Big Business Killing Entrepreneurship

Good article in The Atlantic about America’s Monopoly Problem and how it stifles innovation and entrepreneurship.

This decline in dynamism has coincided with the rise of extraordinarily large and profitable firms that look discomfortingly like the monopolies and oligopolies of the 19th century. American strip malls and yellow pages used to brim with new small businesses. But today, in a lot where several mom-and-pop shops might once have opened, Walmart spawns another superstore. In almost every sector of the economy—including manufacturing, construction, retail, and the entire service sector—the big companies are getting bigger. The share of all businesses that are new firms, meanwhile, has fallen by 50 percent since 1978. According to the Roosevelt Institute, a liberal think tank dedicated to advancing the ideals of Franklin and Eleanor Roosevelt, “markets are now more concentrated and less competitive than at any point since the Gilded Age.”

More and more money is funneled out of our communities by large chain stores and franchises that push out smaller mom and pop stores and boutiques.  Like the end of manufacturing, this effectively eliminated a huge chunk of good middle class incomes for family store owners over the decades and replaced them with a bunch of lower income jobs while sending the profits all to one family in Arkansas (in the case of WalMart).

One idea I’d like to see pushed in the marketplace of ideas is that of limiting chain stores and franchises.
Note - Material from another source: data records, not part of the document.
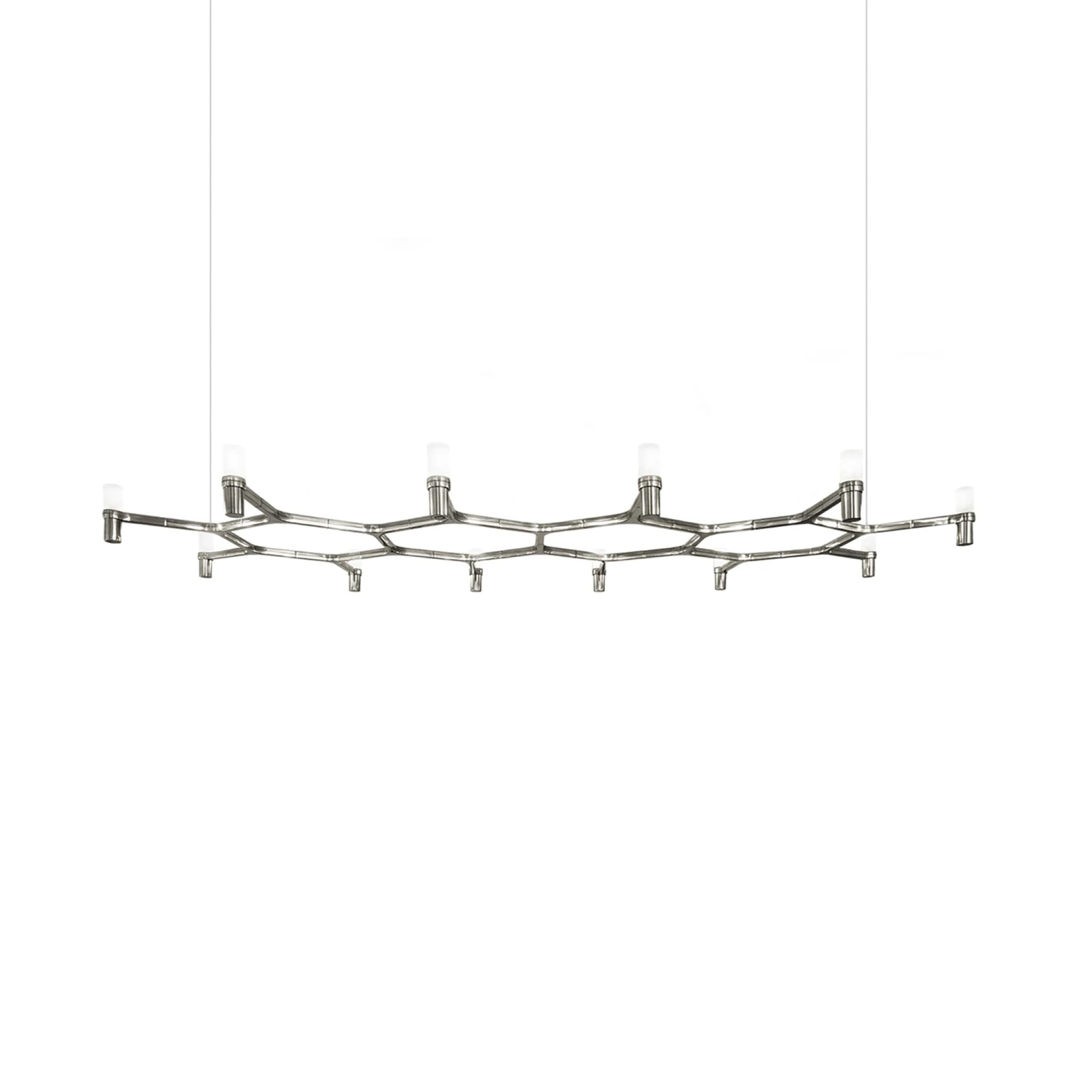 Industrial inspiration on a grand scale delivers a dynamic look to contemporary casual spaces, turning the Crown Plana Major Pendant Light from NEMO into a multi-purpose source of lighting. Capture the authenticity of a motif based on metal piping with a compelling honeycomb silhouette, soaking in widespread, radiant illumination from tapered shades and sandblasted glass diffusers.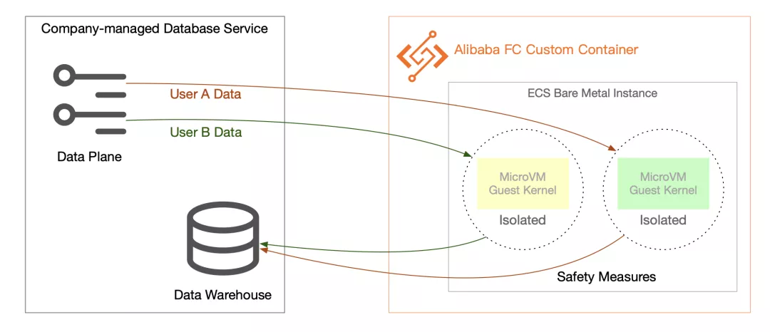 服务都依赖数据,而数据处理往往需要消耗大量资源来满足高效快速的数据变更请求。自定义镜像与其他函数计算运行时一样可以满足数据处理时的安全隔离,又同时保留了用户将数据处理部分的业务逻辑自由的打包成镜像的便捷能力。提供平滑迁移的同时满足了镜像启动的极低额外延时,满足了用户针对如数据库治理、万物物联等应用场景的安全,高效,弹性的数据处理需求。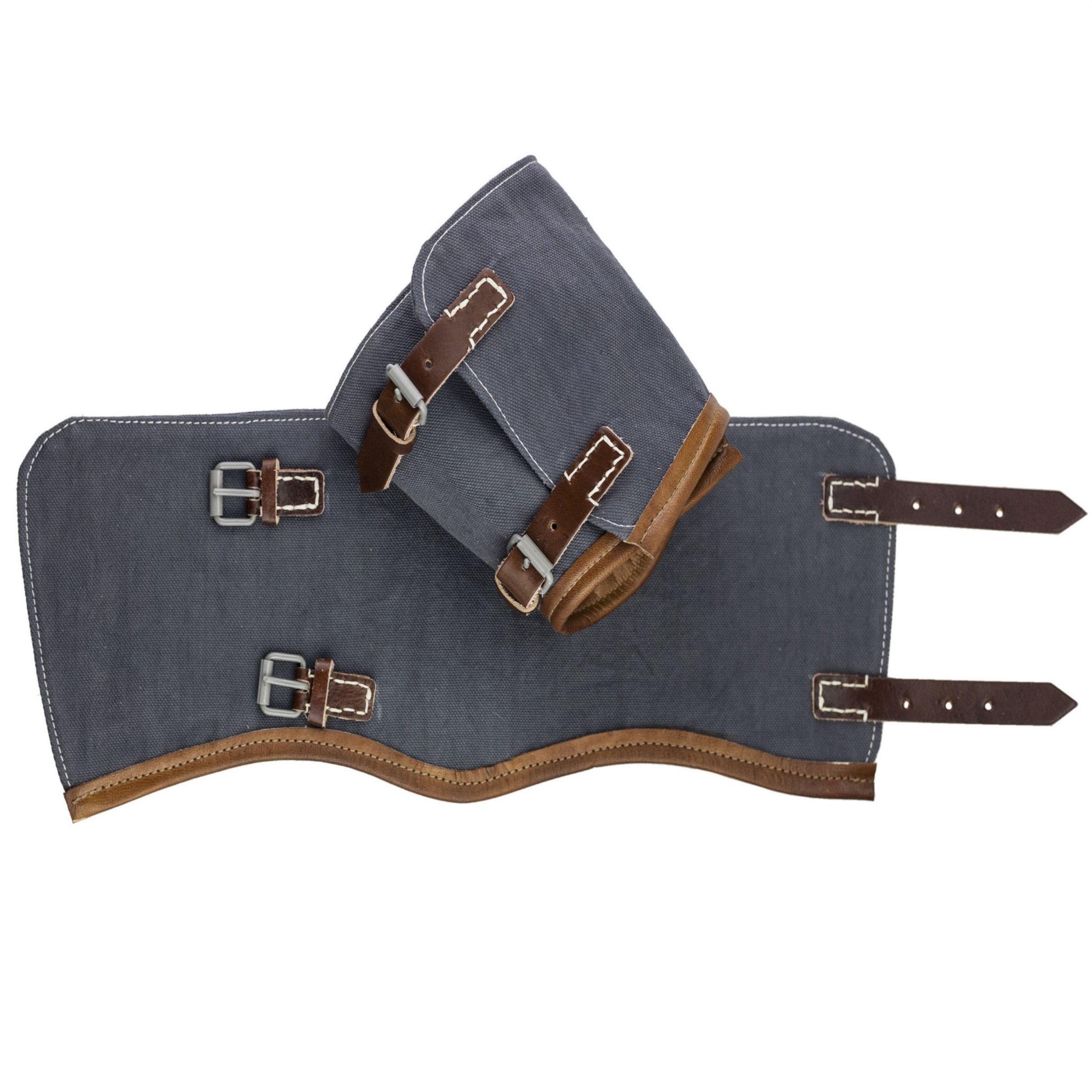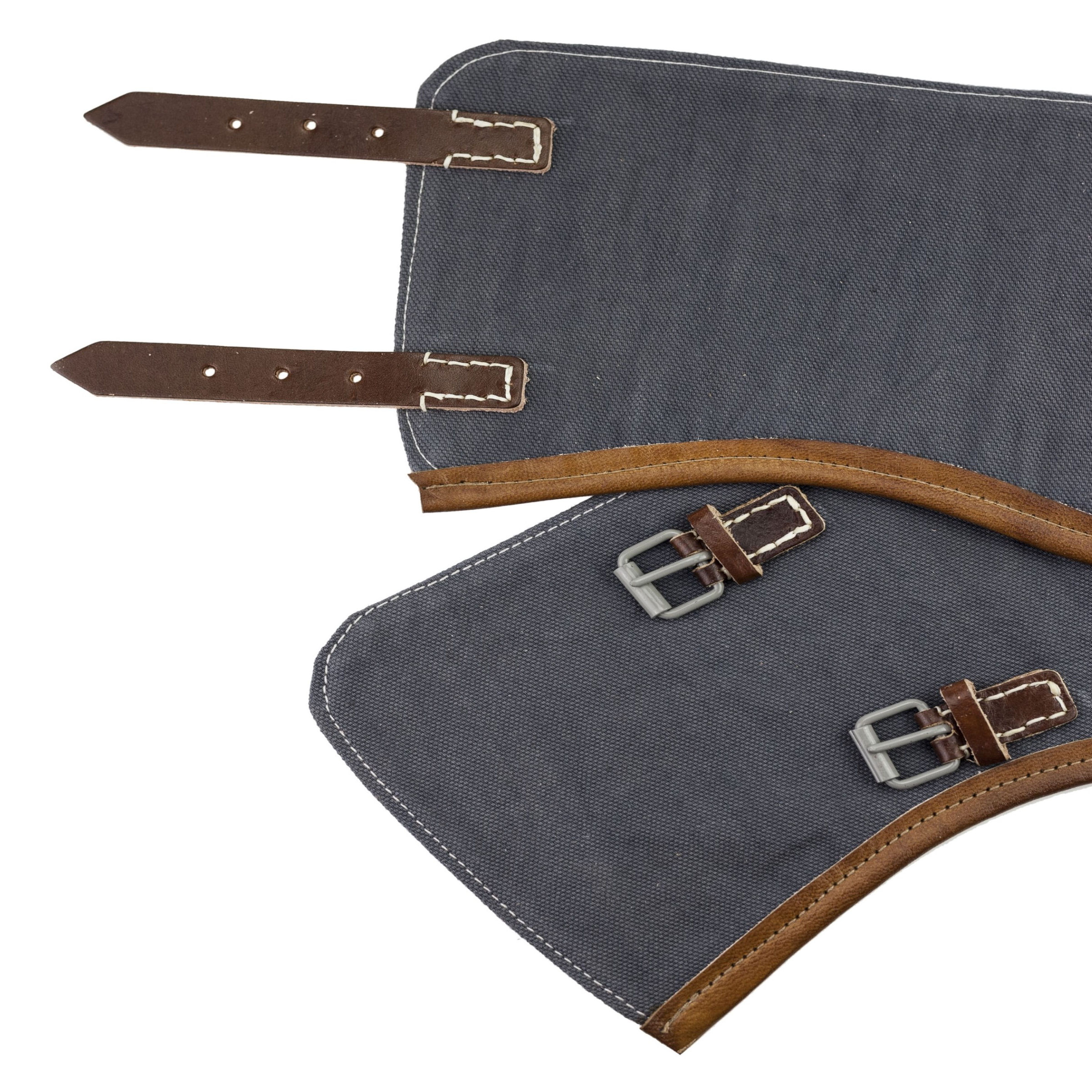 Replica of early war type German canvas gaiter. It is a replica of gaiters from the early years of the war - they are made of fabric in Blaugrau color. Buckles are made of steel, painted for proper grey color. Leather parts are made of smooth, brown natural leather.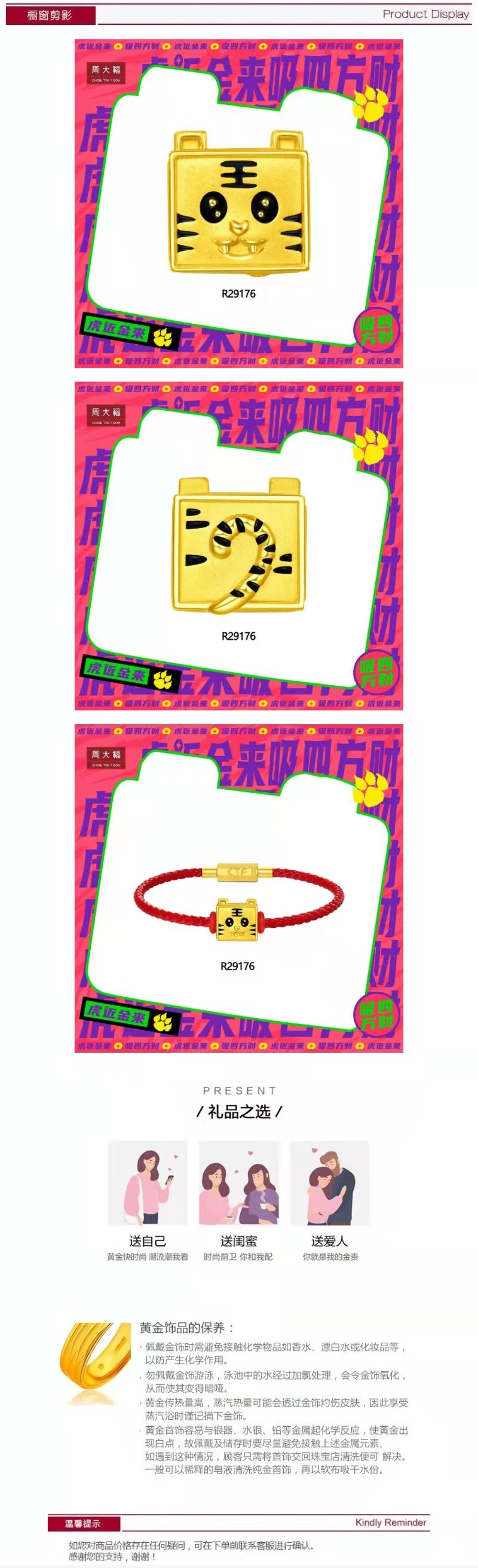 周大福虎年生肖虎进金来足金转运珠(不配手绳)R29176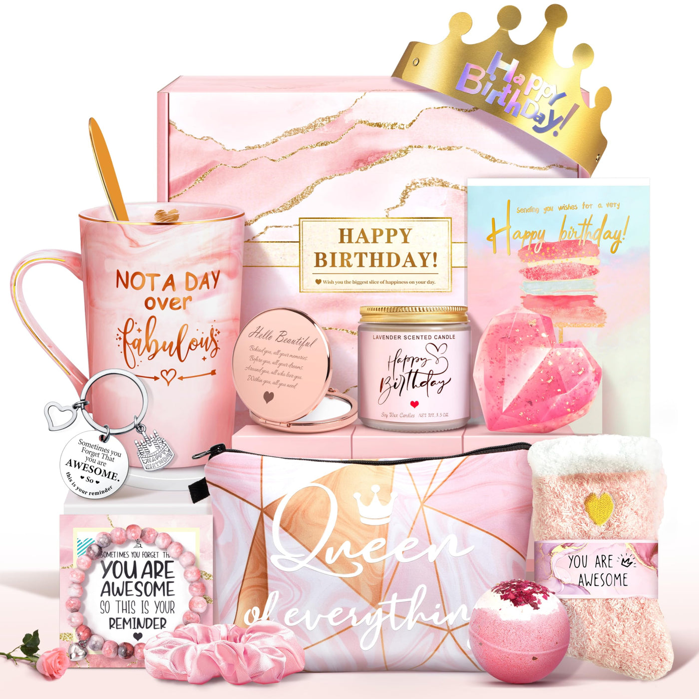 - Gift Box Packing: All you get are showing in the Pic. Comes in Stylish Packaging with all-around protection. This item is ready for gift giving. No need to repackage.1 x 14 oz mug, 1 x Natural Stone Bracelet, 1 x Birthday Crown, 1 x bath Bomb, 1 x spoon, 1 x scented candle, 1 x scented soap, 1 x makeup bag, 1 x Greeting card(You can write down your blessings to your friends).Larger size mugs and more accessories offered, meet your further coffee drinking need or gift giving need!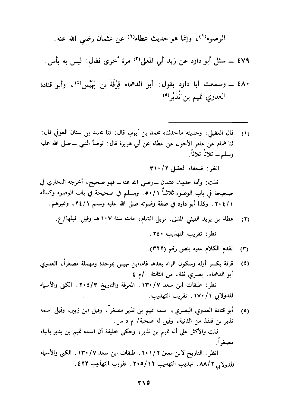 480- وسمعت أبا دَاوُد يَقُول: "أَبُو الدَّّهْماءِ قِرْفَة بن بَهَيْس4، وأبو قَتَادَة العَدَويُّ تميم بْن نُذَيْر"5.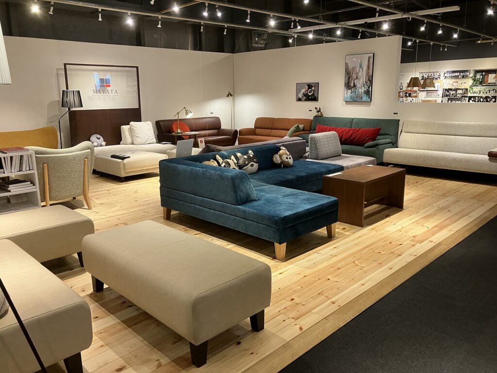 宮田産業さんのブースは、くつろぎの時間そのものを体感できる展示です。

Few think about it, but other countries do it. In India an individual cannot own more than 2 businesses.  If a country wants to incentivize small business ownership then you limit the proliferation of large chain stores and franchises.

Certainly some businesses are better big, but there’s no reason for the concentration of drug stores, food stores, hardware stores, etc.

One way to bring back the middle class is to say no to big business.